Requirement ::
Among the entries below, copy only the span from the line containing "コツコツ・・・ためてきた、細" through the line containing "Лука делла Роббиа.". Do so exactly, and skip the pictures.

Given information ::
• • • • • • •

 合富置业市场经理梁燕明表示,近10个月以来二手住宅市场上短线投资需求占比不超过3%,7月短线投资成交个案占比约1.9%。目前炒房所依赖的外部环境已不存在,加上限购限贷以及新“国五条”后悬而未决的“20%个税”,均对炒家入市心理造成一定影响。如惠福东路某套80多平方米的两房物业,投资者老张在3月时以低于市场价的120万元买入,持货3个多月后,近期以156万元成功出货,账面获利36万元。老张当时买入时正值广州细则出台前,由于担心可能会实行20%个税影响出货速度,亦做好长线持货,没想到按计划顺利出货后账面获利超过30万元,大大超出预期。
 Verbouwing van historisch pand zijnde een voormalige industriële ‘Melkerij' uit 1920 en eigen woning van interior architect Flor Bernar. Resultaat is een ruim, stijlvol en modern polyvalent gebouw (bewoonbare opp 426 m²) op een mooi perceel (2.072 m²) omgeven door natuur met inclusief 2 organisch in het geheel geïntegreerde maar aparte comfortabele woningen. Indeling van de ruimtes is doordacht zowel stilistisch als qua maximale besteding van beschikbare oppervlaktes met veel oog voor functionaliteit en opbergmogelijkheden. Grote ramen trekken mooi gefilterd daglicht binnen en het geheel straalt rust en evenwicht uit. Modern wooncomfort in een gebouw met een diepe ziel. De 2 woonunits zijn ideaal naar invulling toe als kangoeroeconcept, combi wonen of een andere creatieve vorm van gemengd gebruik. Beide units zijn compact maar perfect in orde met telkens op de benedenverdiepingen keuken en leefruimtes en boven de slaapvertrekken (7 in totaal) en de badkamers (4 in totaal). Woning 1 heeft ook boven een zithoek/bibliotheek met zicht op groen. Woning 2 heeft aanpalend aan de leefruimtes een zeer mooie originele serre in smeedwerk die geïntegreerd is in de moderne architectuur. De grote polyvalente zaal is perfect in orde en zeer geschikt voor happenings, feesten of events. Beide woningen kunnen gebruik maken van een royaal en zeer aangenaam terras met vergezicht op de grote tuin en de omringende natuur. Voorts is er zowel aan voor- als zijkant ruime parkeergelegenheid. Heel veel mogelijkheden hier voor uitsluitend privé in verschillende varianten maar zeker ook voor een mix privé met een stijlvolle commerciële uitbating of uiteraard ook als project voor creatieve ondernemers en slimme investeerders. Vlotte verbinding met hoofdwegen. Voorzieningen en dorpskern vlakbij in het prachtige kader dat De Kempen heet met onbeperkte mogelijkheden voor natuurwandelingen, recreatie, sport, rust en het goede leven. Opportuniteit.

• • • • • • •

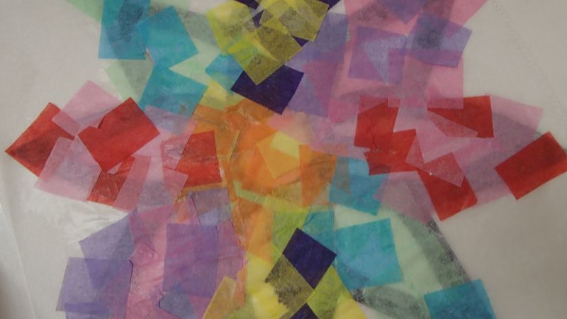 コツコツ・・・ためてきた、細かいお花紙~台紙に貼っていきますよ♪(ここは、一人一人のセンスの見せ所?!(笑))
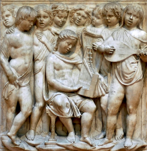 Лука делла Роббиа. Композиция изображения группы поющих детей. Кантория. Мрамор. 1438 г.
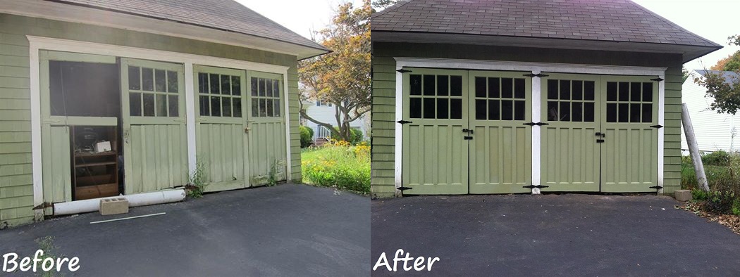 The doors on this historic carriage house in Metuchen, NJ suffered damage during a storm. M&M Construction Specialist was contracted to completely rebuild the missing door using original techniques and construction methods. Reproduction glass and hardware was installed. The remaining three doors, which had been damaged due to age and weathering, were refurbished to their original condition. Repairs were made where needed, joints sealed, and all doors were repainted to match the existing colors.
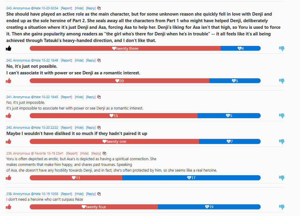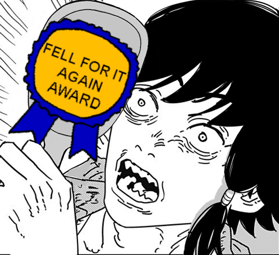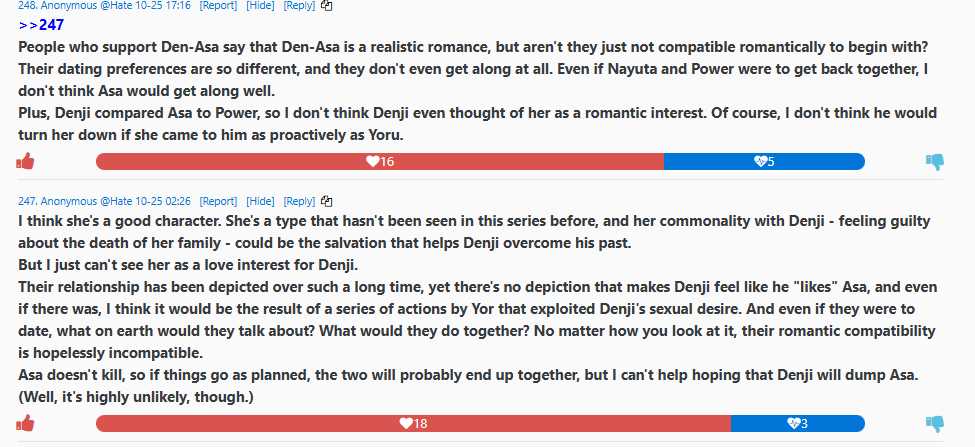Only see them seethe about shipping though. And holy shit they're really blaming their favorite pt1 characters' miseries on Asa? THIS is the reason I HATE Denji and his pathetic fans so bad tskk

• • • • • • •

Answer to this task ::
 コツコツ・・・ためてきた、細かいお花紙~台紙に貼っていきますよ♪(ここは、一人一人のセンスの見せ所?!(笑))
 Лука делла Роббиа. Композиция изображения группы поющих детей. Кантория. Мрамор. 1438 г.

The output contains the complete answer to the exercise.